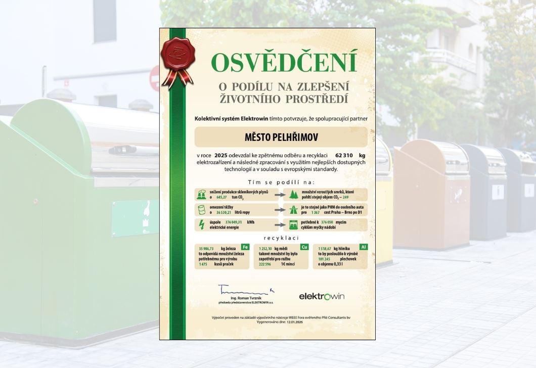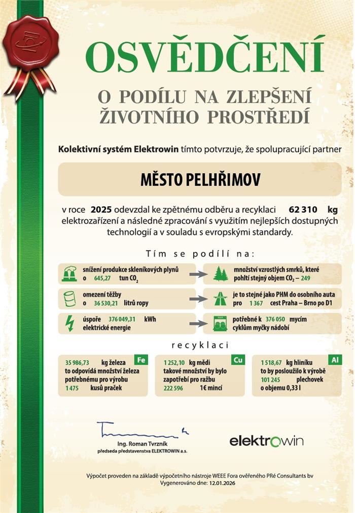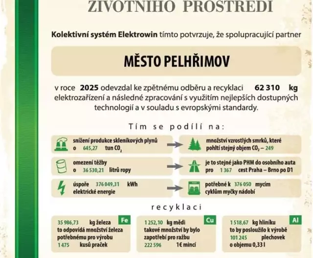 Konkrétní přínosy shrnuje Osvědčení o podílu na zlepšení životního prostředí, které město obdrželo od kolektivního systému Elektrowin. Z něj vyplývá, že díky recyklaci elektrozařízení došlo v roce 2025 k:
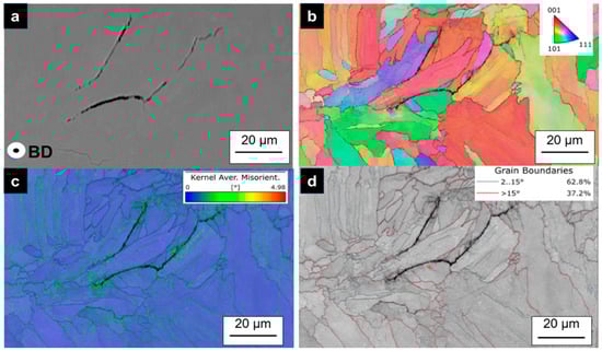 EBSD analysis revealed that several cracks formed predominantly along high-angle grain boundaries (HAGBs) in which the grains on both sides of the boundary have different orientations, as shown in Figure 6b. All cracks are distributed along grain boundaries for both columnar and equiaxed grains. Kernel average misorientation (KAM) distribution maps in Figure 6c indicated that the cracking sites displayed much higher KAM values than the other regions.
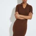 Seen having a ribbed texture, this knit dress features a fitted cut that elegantly contours your body, ending in a playful mini length. The collared neckline and short sleeves add a contemporary touch, making it versatile for casual outings.
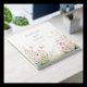 This design features a delicate watercolor illustration of wildflowers in shades of green and pink.
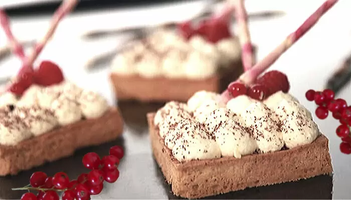 Смешайте мягкое сливочное масло с сахаром и добавьте миндальную муку, яйца и пралине. Перемешайте до однородности и аккуратно введите взбитые сливки. Получившуюся смесь выложите в тарталетки и выпекайте 10 минут при температуре 180° C.

■ AIM OF THE EXERCISE
In the copy, every entry appears exactly as written above and no picture appears.

■ ANSWER BELOW
 Konkrétní přínosy shrnuje Osvědčení o podílu na zlepšení životního prostředí, které město obdrželo od kolektivního systému Elektrowin. Z něj vyplývá, že díky recyklaci elektrozařízení došlo v roce 2025 k:
 EBSD analysis revealed that several cracks formed predominantly along high-angle grain boundaries (HAGBs) in which the grains on both sides of the boundary have different orientations, as shown in Figure 6b. All cracks are distributed along grain boundaries for both columnar and equiaxed grains. Kernel average misorientation (KAM) distribution maps in Figure 6c indicated that the cracking sites displayed much higher KAM values than the other regions.
 Seen having a ribbed texture, this knit dress features a fitted cut that elegantly contours your body, ending in a playful mini length. The collared neckline and short sleeves add a contemporary touch, making it versatile for casual outings.
 This design features a delicate watercolor illustration of wildflowers in shades of green and pink.
 Смешайте мягкое сливочное масло с сахаром и добавьте миндальную муку, яйца и пралине. Перемешайте до однородности и аккуратно введите взбитые сливки. Получившуюся смесь выложите в тарталетки и выпекайте 10 минут при температуре 180° C.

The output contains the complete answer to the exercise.